Given the recent energy price increases, I really believe we should be focusing on offering people energy efficient homes, over 85% A&B EPC rated within our portfolio, ensuring we provide the fabric around them to in some way mitigate forthcoming costs. Further focus must also be to investigate partnerships with sustainable energy providers, and work towards providing community-based energy, and even look towards  providing our own supplies.

At a construction level we need to build into contracts points of waste and energy reduction alongside supply chain requirements. PV panels, solar street lighting, wild flower areas, fruit orchards, EV charge points, should be  immediate short term targets  Simple things like, clothes recycling, good and well-maintained recycling provision, and accessibility to sustainable products, need to be in place.

A completely ‘green’ community will have all of the above, and we need to work out how this can be achieved with a careful eye on ROI, as balancing expectations and a focus on long term return and asset lifetime value is valued and important to all stakeholders..

Q: Development costs are usually the adversary of sustainable practices – what are the practices you see as having the best ROI? And how do you quantify the benefits to a tenant in order to get funder approval and to incorporating at the front end?

Niamh: Long-term, sustainable data and asset value have to be the message. All stakeholders realise and appreciate there will be a cost to achieving these goals , but the long term benefits to people and the planet, mean the investment has longevity.

This is a huge challenge, but if there are certain minimum expected provisions and targets in place, and this is consistent across the board, we may get where we need to be. It is not easy but that does not mean we should not try. Keep telling the long term benefit story and legacy, and we will get there.

Q: There are always new systems and methods of construction being developed. How do you choose the most appropriate for your business and what are the evaluation techniques you use to confirm if the methods are appropriate for future jobs?

Niamh: Simple Life manages a portfolio of multiple construction type properties.

Our principle preference for family housing has been timber frame; a sustainable source of construction which has been significantly supported to become commercially efficient, reliable in quality and build delivery., but increasingly we are using MMC and sectional construction with the consequent uptick in quality and reduction in construction waste. The rapidity at which the homes can be delivered is also accretive to returns as income can be created much earlier on in the construction cycle.

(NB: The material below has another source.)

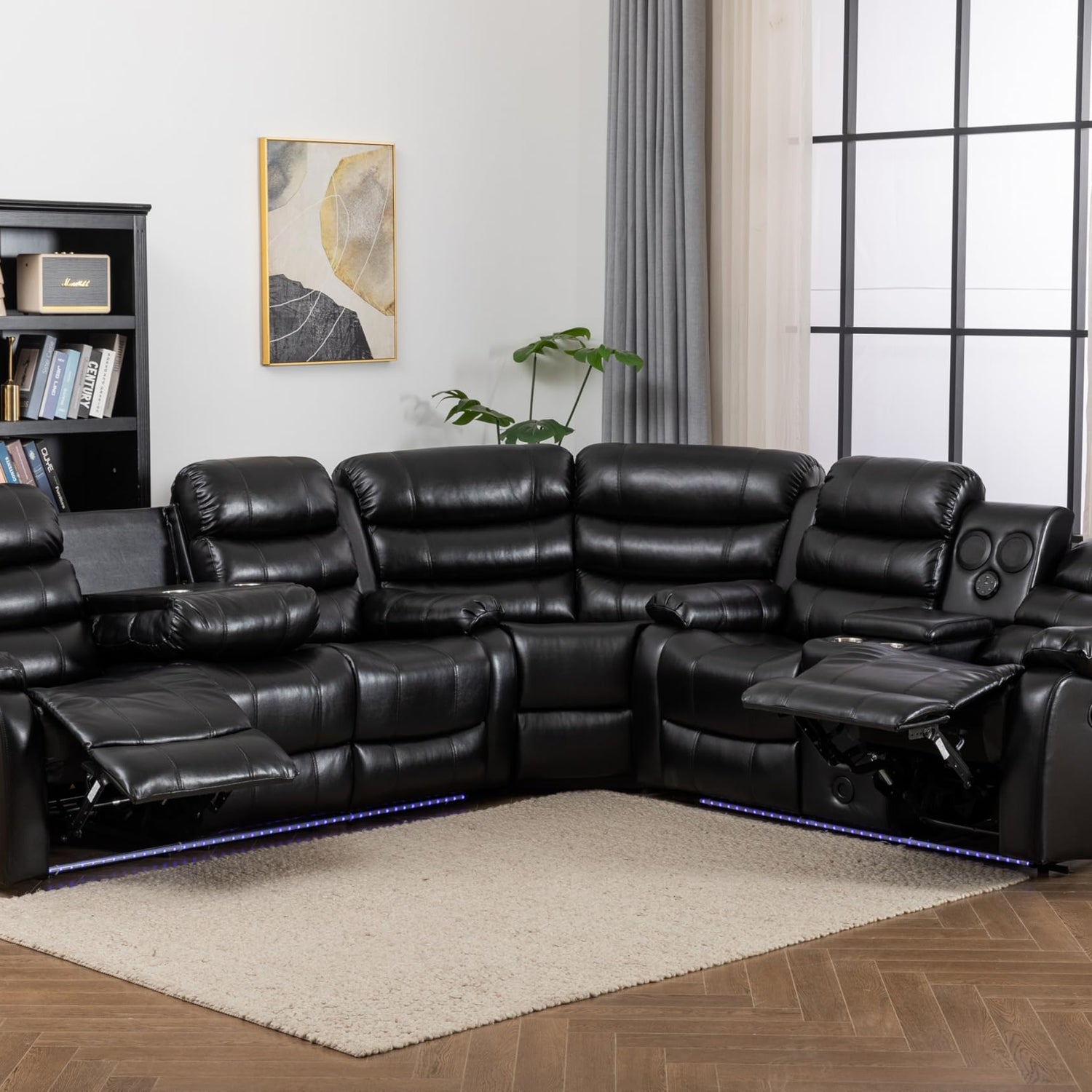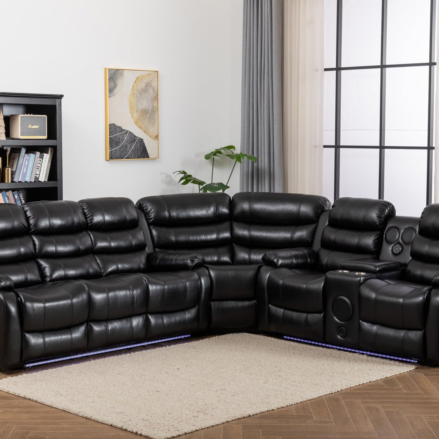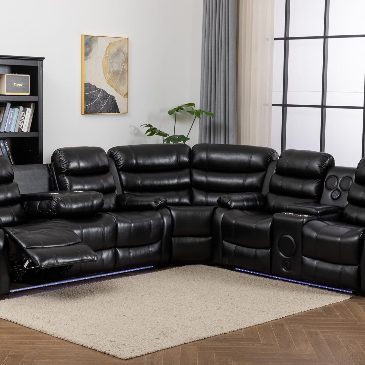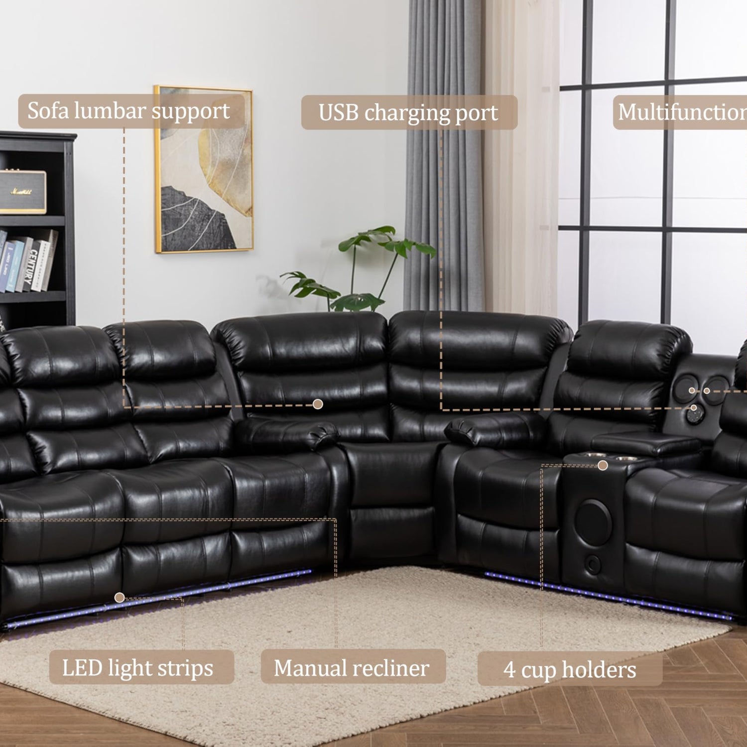 INSTORY 6-Seater Reclining Sofa Set, Faux Leather Living Room Set, Bluetooth Speakers, LED Lights, Drop Down Table, Cup Holders, USB Outlet, Storage Box (Black)

Q: We’re seeing an ever-increasing demand from the government, investors, and local councils for BtR contribution to the climate crisis – how do you see the design of a BtR evolving to match this requirement and is it possible to design a carbon negative building?

Niamh: The challenge is balancing cost and providing efficient and affordable homes in the BtR space. Low carbon homes are indeed possible but cost prohibitive at present as we are still early in this journey.

Q: Are there any final thoughts and personal opinions on the direction of the sustainability and longevity of developments within this sector you’d like to share?

We are in an exciting space at a time of great opportunity and possibility, not to mention the huge need nationally for homes and globally for the climate, but also a time of immense detail and challenge. It can seem overwhelming and therefore we wonder where to begin? As with all challenges we should try to keep it as simple as possible, doable.

Set SMART targets, engage with people, support and encourage innovation, open our minds to the idea and prospect of working collaboratively, knowing and accepting that we have to make this work, together. There is much to be very excited about, and yes it will be a challenge, but the rewards are endless and our potential legacy worth that challenge.